Gavilanes en mi ventana

 Frente a mi ventana hay un árbol que, por esta época, da frutos amaderados en forma de pera. Es la Caoba, que en los últimos tiempos se ha convertido en la parada vespertina de grupos de guacamayas que deambulan bulliciosas por el cielo caraqueño en busca de frutos y semillas. Están tan acostumbrada a la convivencia humana que es fácil atraerlas hasta tu mano con solo enseñarles un banano.

Pero esta mañana la algarabía no era la de la típica juerga juguetona y ronca de las guacamayas, sino de unos pitidos intensos y prolongados, como lamentos, que reconocí al instante gracias a mis vivencias infantiles en tierras llaneras.

"Son gavilanes", le dije inmediatamente a la Poly, aún sin haberlos visto. En efecto, al asomarnos dos gavilanes polleros jóvenes revoloteaban ruidosamente sobre otro bulto que sobresalía entre las ramas del Caobo. El frenesí de las aves era atípico; al sobrevolar el bulto se abalanzaban contra él como si lo atacaran mientras la intensidad de sus silbatos aumentaba. 

Al detallar el bulto que producía el paroxismo, me di cuenta que era otro gavilán pero mucho más grande y viejo, que por su inmovilidad, parecía estar atravesando los últimos instantes de su existencia. 

¿Que perseguían, entonces los gavilanes jóvenes con su agresiva actitud?

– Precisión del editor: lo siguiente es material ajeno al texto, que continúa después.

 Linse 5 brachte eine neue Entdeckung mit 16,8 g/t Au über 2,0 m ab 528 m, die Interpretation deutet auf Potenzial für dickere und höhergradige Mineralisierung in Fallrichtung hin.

Inmediatamente me di cuenta de que habían olfateado el olor de una muerte cercana y éstos carroñeros veían en su desdichado congénere una fuente iminente de proteína. Era sin duda una escena de un cruel canibalismo en ciernes.

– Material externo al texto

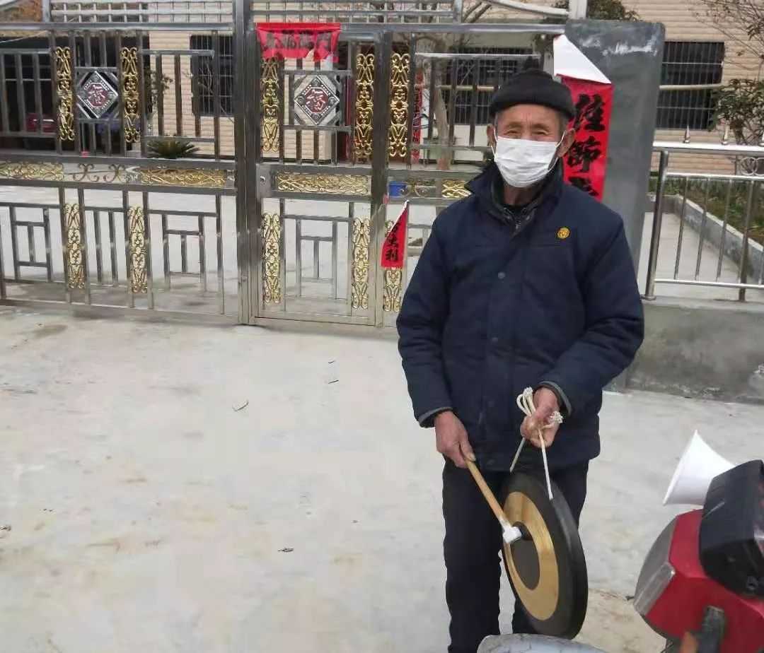 得知村“两委”的请求,今年76岁的韩全真老人立马答应下来,“平日里都是村上照顾我,难得有机会给村上做点贡献”,他向村委会提议找一面锣来,边敲边喊,提醒村民注意。
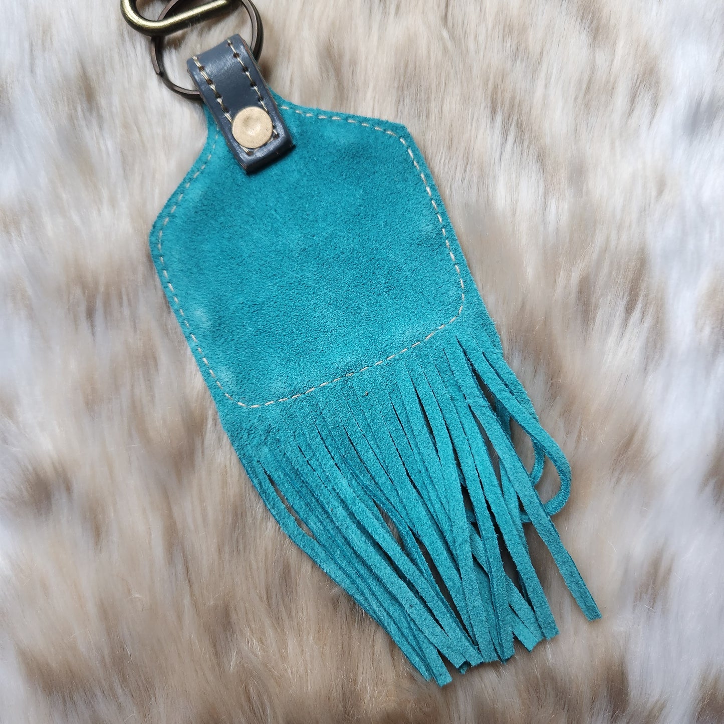 Saddle up your style with our Western-inspired leather Yeehaw Keychain featuring chic teal fringe details. Crafted with genuine leather, this key accessory effortlessly combines rugged charm with a pop of color. The teal fringe adds a touch of flair reminiscent of the open frontier, making it a statement piece for your keys or bag. Upgrade your everyday essentials with this unique Western-inspired keychain, blending timeless leather craftsmanship with a contemporary twist.

Bueno, pensé, es la cadena trófica haciendo de las suyas. Es la implacable naturaleza imponiendo sus eficientes leyes en las que todo se aprovecha, incluyendo, por qué no, la carne de tus progenitores. 

Recientemente leía un artículo donde, antropologos europeos demostraban que en la última edad de hielo, hace unos 18.000 años, nuestros ancestros consumían con naturalidad los cerebros de amigos y enemigos fallecidos. Era una práctica ecológica y eficiente en donde nada se desperdiciaba.

Sin embargo, a medida que el Homo Sapiens se convertía en la especie dominante y que su cerebro evolucionaba empezamos a desarrollar una serie de misteriosas sensaciones e instintos, como los de la compasión por algunos de los seres vivos con quien convivimos, incluyendo los individuos de nuestra especie. 

No obstante, esa compasión es, sin duda, bastante selectiva. 

Seguimos torturando y matando sin remordimiento, a vacas, pollos, cerdos, peces y hasta nuestros perritos (en algunas culturas orientales), pues son fuentes seguras de proteínas, aún cuando hemos desarrollado, con éxito, múltiples alternativas. 

Al comernos un jugoso bistec, muy poco reflexionamos sobre el enorme sufrimiento infringido al ser del que formó parte el pedazo de músculo que estamos introduciendo, gozosos en nuestras bocas.

Por esta razón, pienso yo, no tenemos ninguna autoridad moral para juzgar a los alegres gavilanes de la ventana en su aquelarre caníbal de esta mañana. 

Probablemente hoy (pero solo por hoy) comeré en el almuerzo unas verduras hervidas acompañadas con un arroz blanco y caraotas.